We don't know those things, but I think my assumptions are fairly realistic.

So here's what you do. You pulled off the North Africa landings with virtually no interference from the German U-boats and air force, but you have to figure on some losses going in to both German subs and the Luftwaffe. Still, you should be able to surprise them; I don't think they're going to be expecting this one too far in advance, and you know from breaking their codes that they're not ready for such a move.

You send in commando units and airborne brigades to seize the ports of La Coruna/El Ferrol, Gijon, and Santander in the north. If you have real stones and more units than I've calculated, grab Bilbao too. With a bunch of Royal Navy and US battleships and cruisers off the coast and with the air forces flying from Morocco and Britain, you blast Spain's air force off the map and hit the Luftwaffe over France. Use your heavy bombers to knock out transport centers in southern France in order to impede the Germans from moving quickly; then go back to bombing the Ruhr the next night. Now that you've got the ports, send in a couple of armored divisions and about six infantry--they can just land there, you don't have to worry about resistance--and drive on Bilbao and the pass into southern France at Irun. Send a division toward Madrid from the north. In order to wipe up the Spanish regime, also seize the ports of Algeciras and Cadiz in the south with an armored division and whatever infantry you've got left. Drive up toward Madrid by way of Extremadura and Toledo just like General Franco did in '36. The regime will fall in a couple of weeks, if not sooner. Expect a bunch of wacky Falangistas to try to put up a fight at, say, Puertollano, and get plowed over. Resistance should cease.

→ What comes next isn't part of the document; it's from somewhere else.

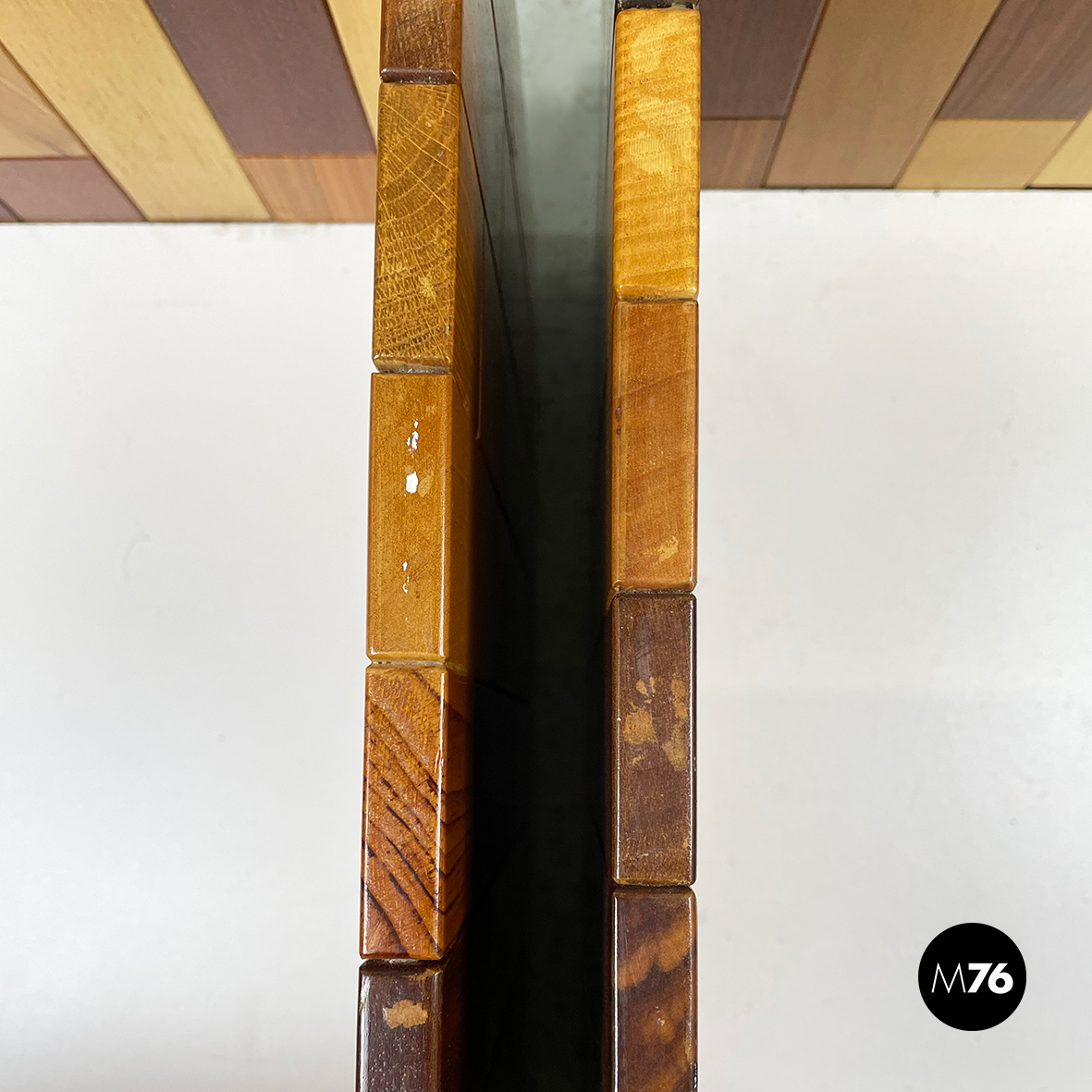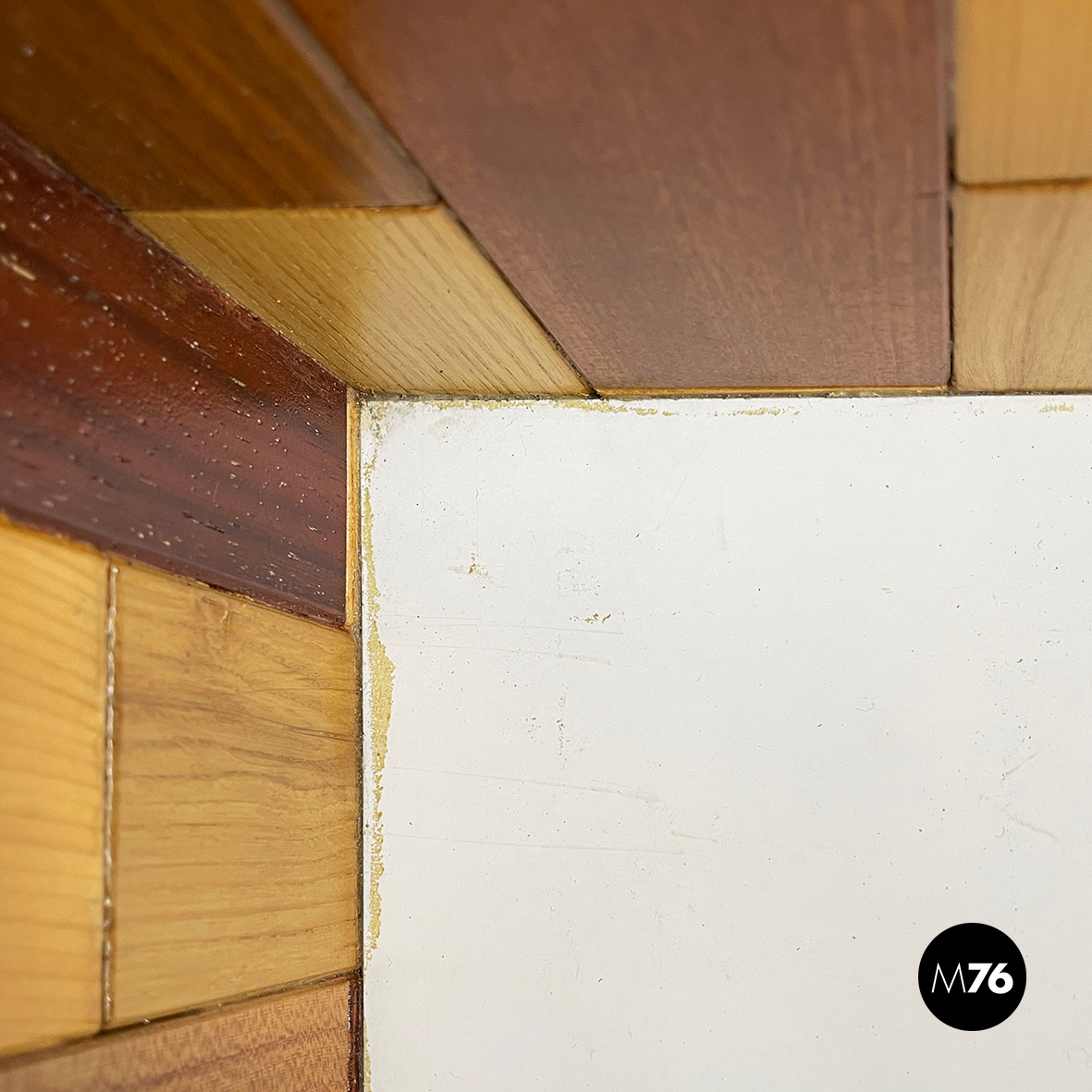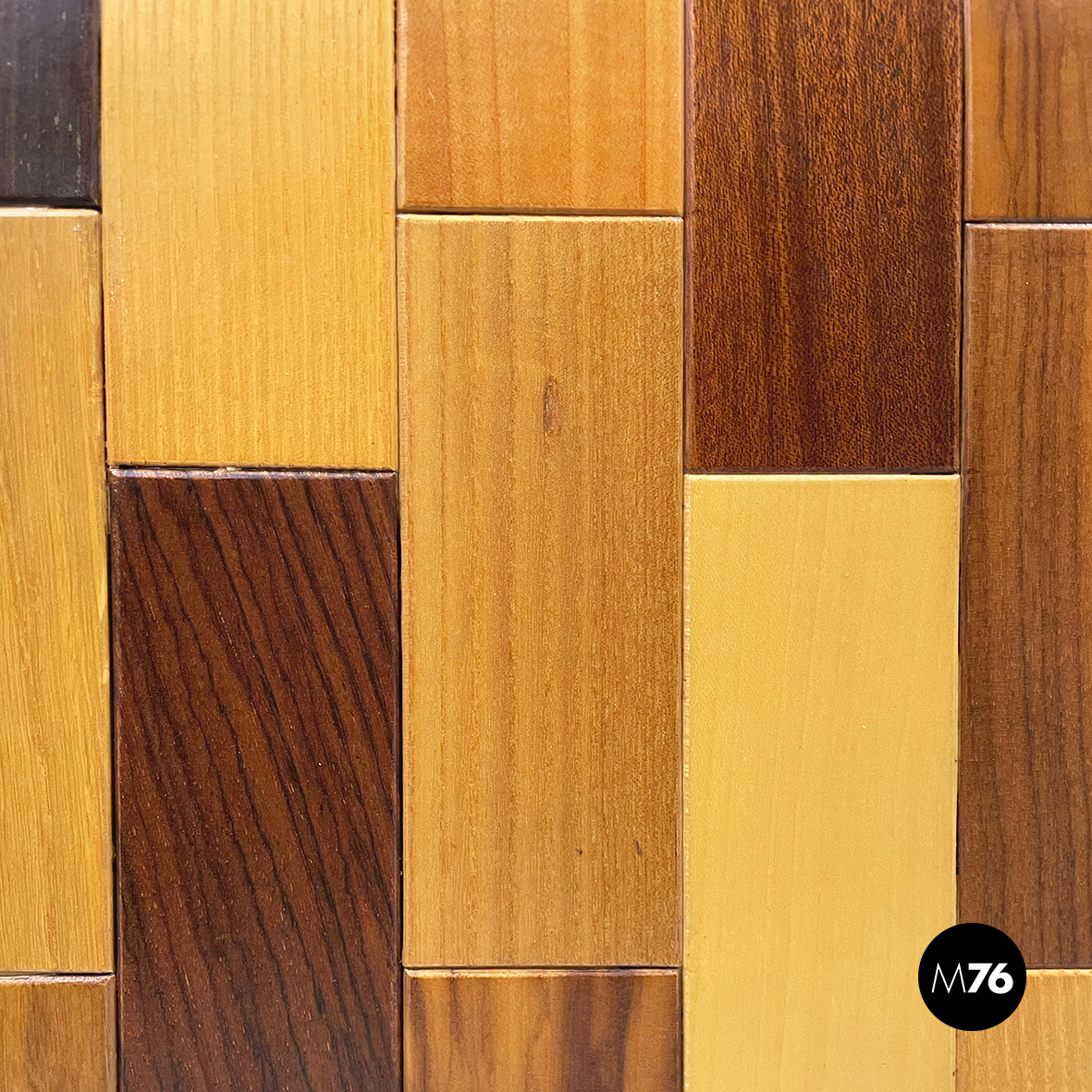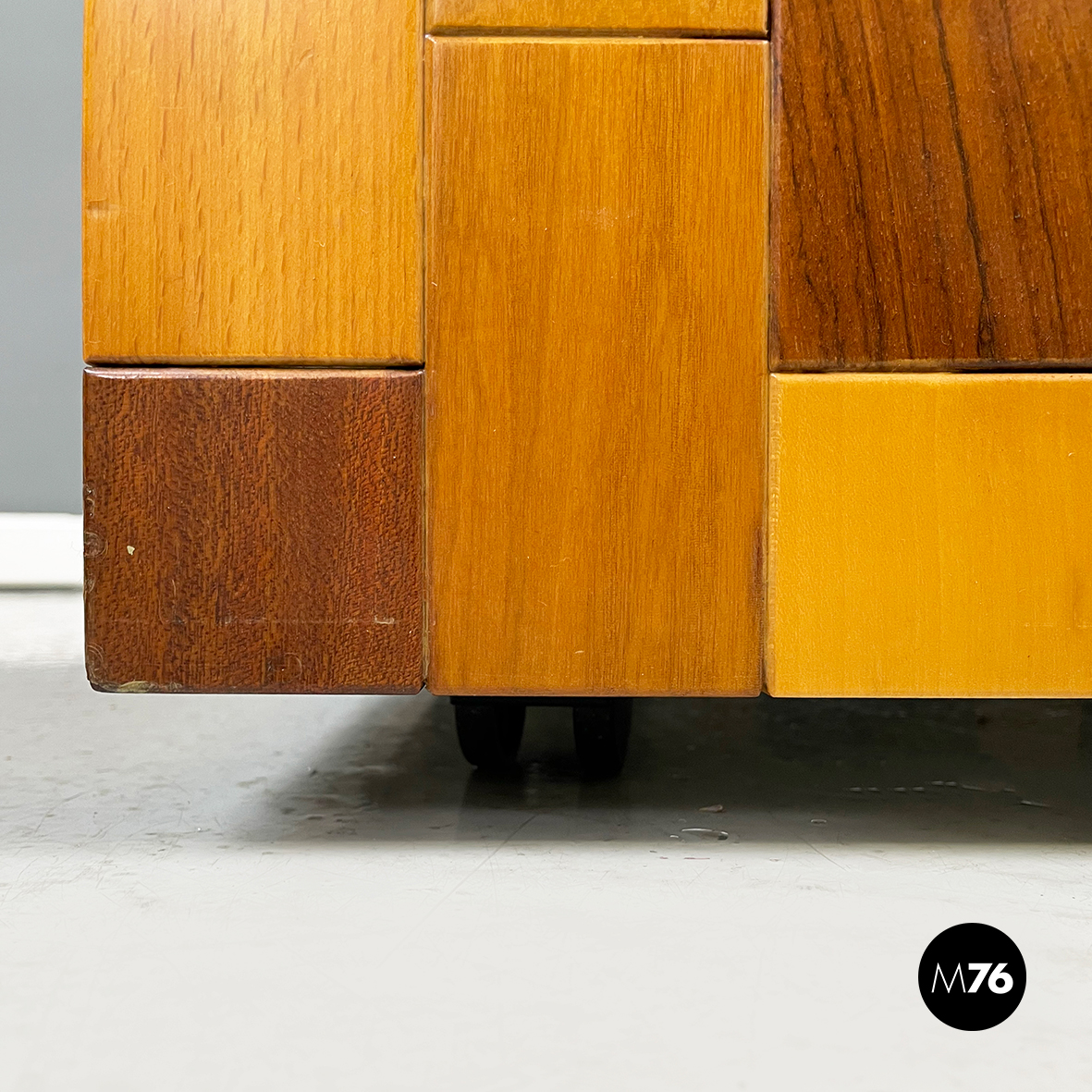 Coppia di fioriere a base quadrata con struttura in listelli di legno di differenti colori. La base è bianca. Sotto presenta quattro ruote nere.

Now, what do you do if you're the Germans? Realistically, you have two choices: dig in at the Pyrenees or move south into Spain. Really the only obstacle in front of the Pyrenees is the Ebro River, which would also be a good defensive line. Meanwhile, more Allied units and tons of supply are pouring in at the ports of both northern and southern Spain. If you're the Germans, you do not try to fight them in the open on the Spanish plain because there are a lot of Allied units coming at Madrid from both north and south. Allied bombing is interrupting your access to the battlegrounds by blowing up bridges over the Garonne and railroad junctions all over the place. The war in the air over France would have been bitter and bloody and rougher in, say, July or August 1943 than what we saw in June 1944, since the Luftwaffe wouldn't have been as weak a year earlier, but I think the Allies would have won.

So, me being the Germans, I'd try to hold at the line of the Pyrenees. No point in trying to prop up the Franco regime with about fifteen Allied divisions rolling through and more on the way, coming in through the northern Spanish ports, and the Ebro line is longer and less defendable than the Pyrenees. There will probably be a very rough battle around Irun and Bayonne as the Allies pour through to the west of the Pyrenees, and maybe another one around Portbou and La Jonquera on the east side. I think the Allies would have won, though, and at August or September 1943 you'd be on the French side of the Pyrenees. From there you ought to be able to launch an invasion of Western Europe much more efficiently than from the capture of a defended bridgehead, like at Normandy. You wouldn't be throwing your guys away like in the fight through Italy, and you'd have the sum of both the troops that wound up in Italy and those that wound up in France striking together at the Germans, and probably a lot of useless Italian troops too.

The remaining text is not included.